Kindred resigned in July 2024, days before a US Court of Appeals for the Ninth Circuit order laid out misconduct by the judge. Those findings, which included the judge having inappropriate contacts with federal prosecutors, have spurred defense lawyers to file motions challenging cases that were heard in Kindred’s court.

A 2020 appointee of President Donald Trump, Kindred is alleged to have violated three Alaska Rules of Professional Conduct. Two of the counts are tied to him having made false statements to judicial investigators during the Ninth Circuit’s investigation of his conduct.

He’s also alleged to have violated a rule that says lawyers can’t engage in “harassment or invidious discrimination during the lawyer’s professional relations,” over a finding he created a hostile workplace for his law clerks.

Alaska disciplinary counsel have argued that Kindred’s misconduct “supports disbarment from the practice of law for dishonesty and for the hostile work environment that took a personal and professional toll on multiple law clerks.”
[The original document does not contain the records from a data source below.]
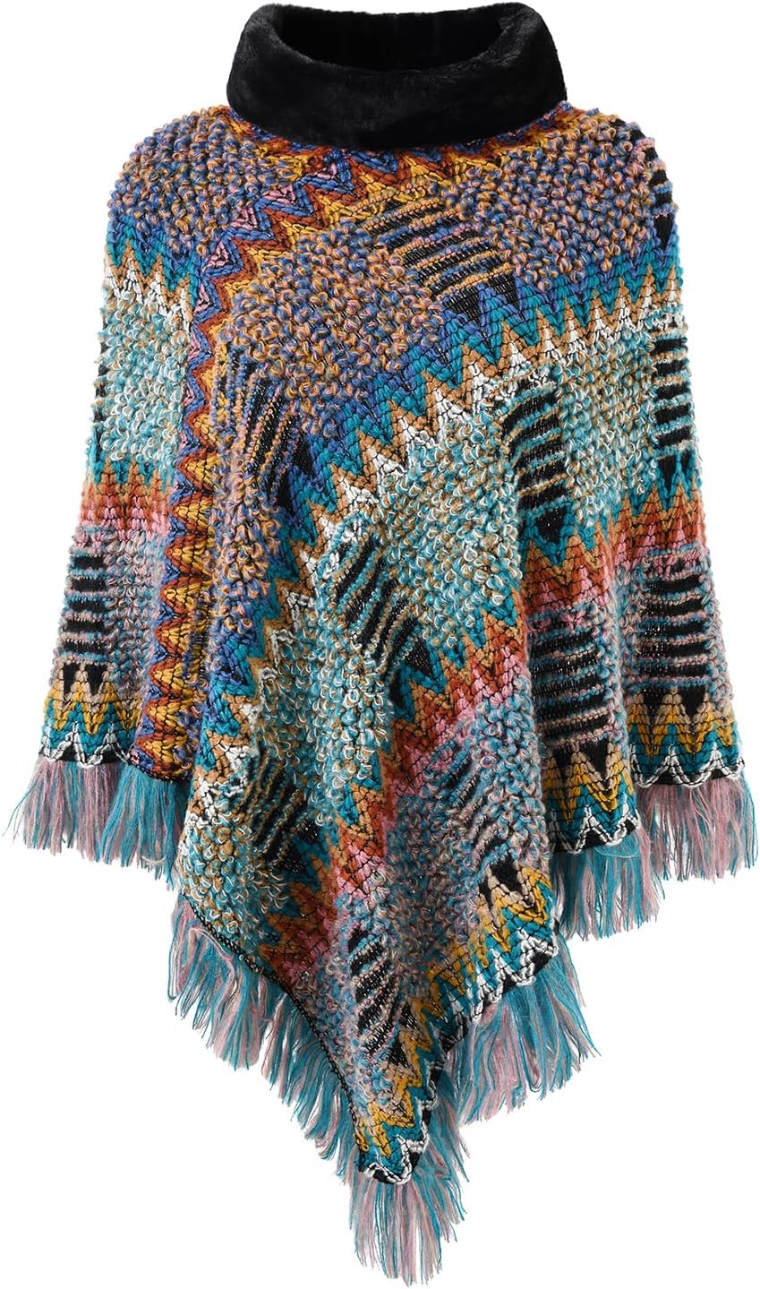 Ferand Women's Cozy Boho Turtleneck Poncho Sweater with Fringe Stylish Chevron Design for Winter
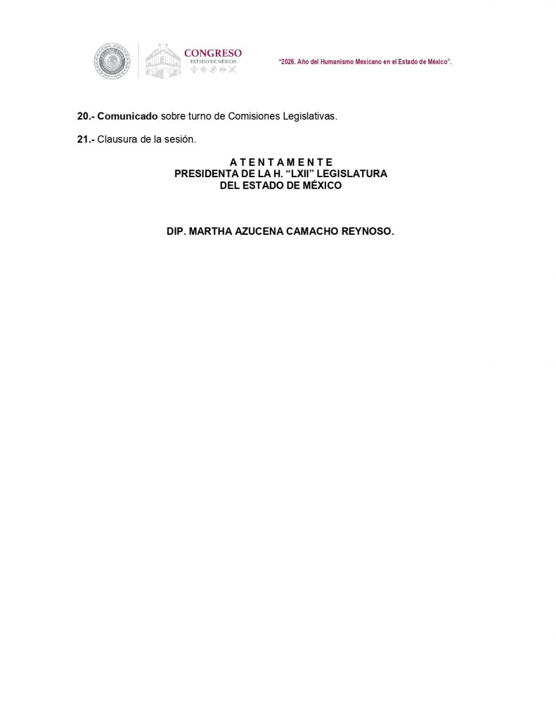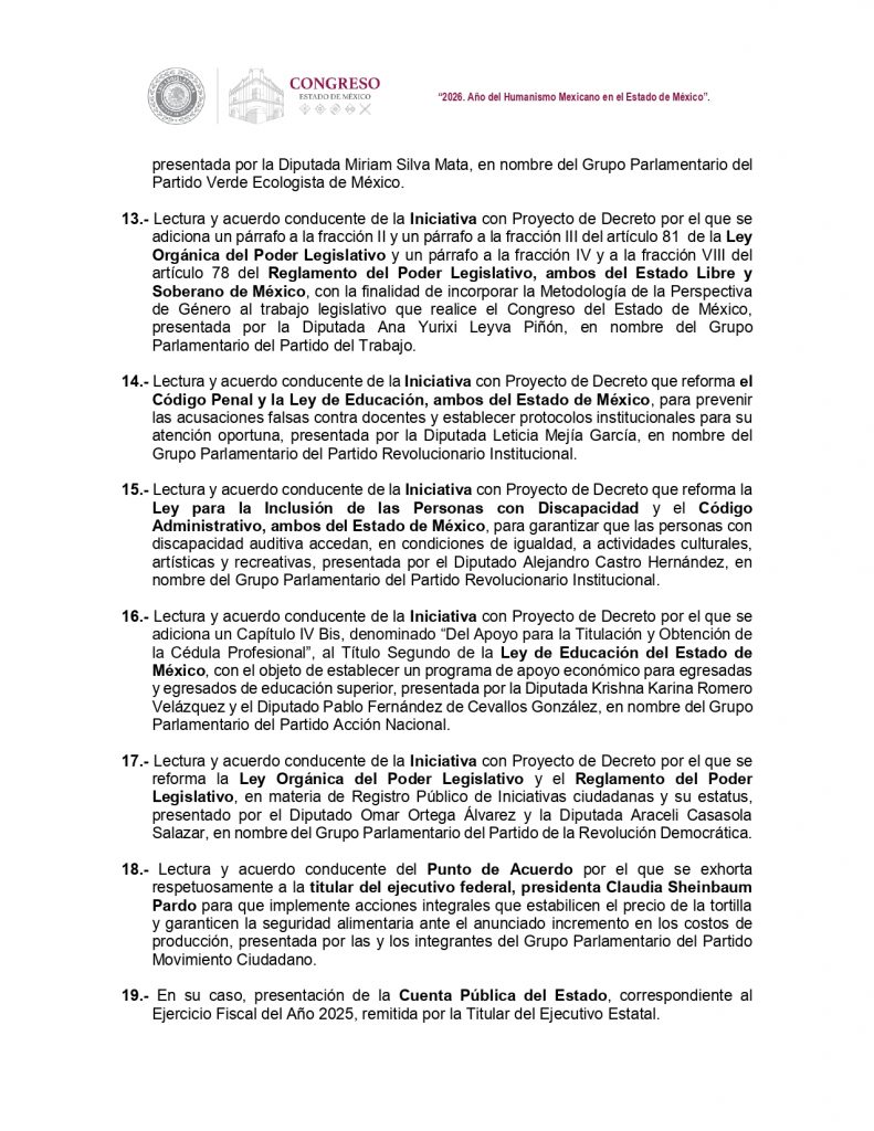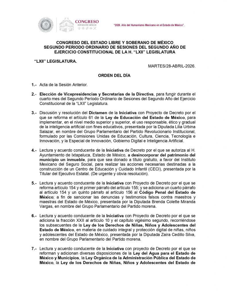 Finalmente, el pleno recibirá la Cuenta Pública del Estado de México del ejercicio fiscal 2025, que será entregada este martes 28 de abril, por el secretario de Finanzas Oscar Flores.
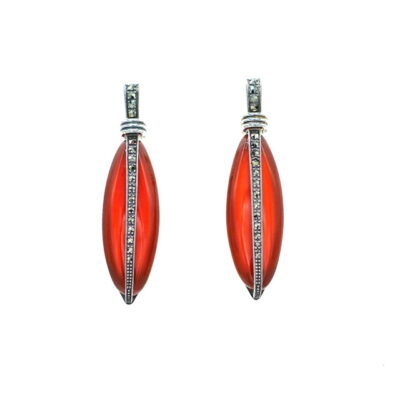 925er Silber Ohrstecker mit Karneol und Markasiten. Länge ca. 47mm
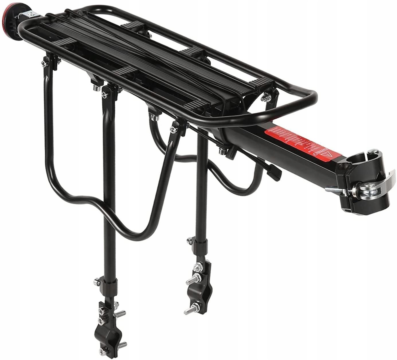 Високоякісна алюмінієва універсальна стоянка для велосипеда з максимальним навантаженням 50 кг. Міцно кріпиться до підсідельної труби та до задньої частини рами за допомогою швидкознімного затискача (швидке встановлення самої платформи до підсідельної труби) та гвинтів, що забезпечує стабільну підтримку.
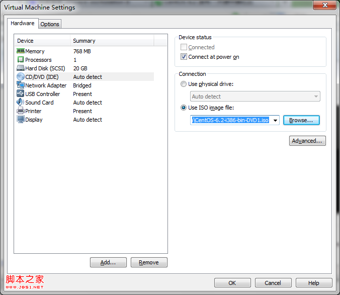 下载完成后得到两个安装镜像文件(CentOS-6.2-i386-bin-DVD1、CentOS-6.2-i386-bin-DVD2),安装系统只用到第一个镜像文件(CentOS-6.2-i386-bin-DVD1),另一个镜像文件(CentOS-6.2-i386-bin-DVD2)是附带的软件包。为了方便演示,我用VMware workstation 8来进行安装。具体的硬件配置

Louise Driscoll, a bar disciplinary counsel, said at Thursday’s hearing that bar regulators in Alaska began getting “lots of calls” after the findings against Kindred were made public. She said that “people were outraged” and asked, “why aren’t you doing anything.”

She said they were taking steps. Driscoll said bar counsel filed a grievance on behalf of the bar on Nov. 1, and asked Kindred for a response. She said he didn’t answer them then or at any point throughout the proceeding.

Driscoll said a process server was sent to Kindred’s mother’s home, and that while his mother accepted the papers, the server could see the former judge sitting on the sofa nearby. “He was on notice,” Driscoll said.

Because Kindred didn’t respond to the charges, the allegations were deemed admitted under the Alaska bar rules. A disciplinary hearing committee in June said that, given that the claims were admitted, “disbarment is the appropriate sanction for Mr. Kindred’s misconduct.”

In a footnote to their ruling, the hearing committee said it’s “cognizant of the public embarrassment and presumptive personal pain and humiliation over the loss of the Federal Judgeship, the loss of a law license and the absence of income as a result of losing a law license.”

“The Committee wants Mr. Kindred to have a pathway to return to obtaining a law license, assuming the necessary efforts are undertaken to show by clear and convincing evidence Mr. Kindred is rehabilitated and not a threat to the public after the requisite 5 year duration of time following disbarment has passed,” the committee wrote. “We enter our decision not with any job. It is our collective hope Mr. Kindred can recover emotionally, financially and physically notwithstanding the hardships Mr. Kindred confronts.”

Driscoll said she wasn’t sure why the footnote was added. But she said the hearing committee consisted of members newer to the disciplinary process, and that recommending an attorney’s disbarment can be difficult.

Still, she said, “it seems to put Mr. Kindred in a category” that other lawyers facing disciplinary charges aren’t in.

The board on Thursday voted to strike that footnote, as they sent their recommendation to the Alaska Supreme Court.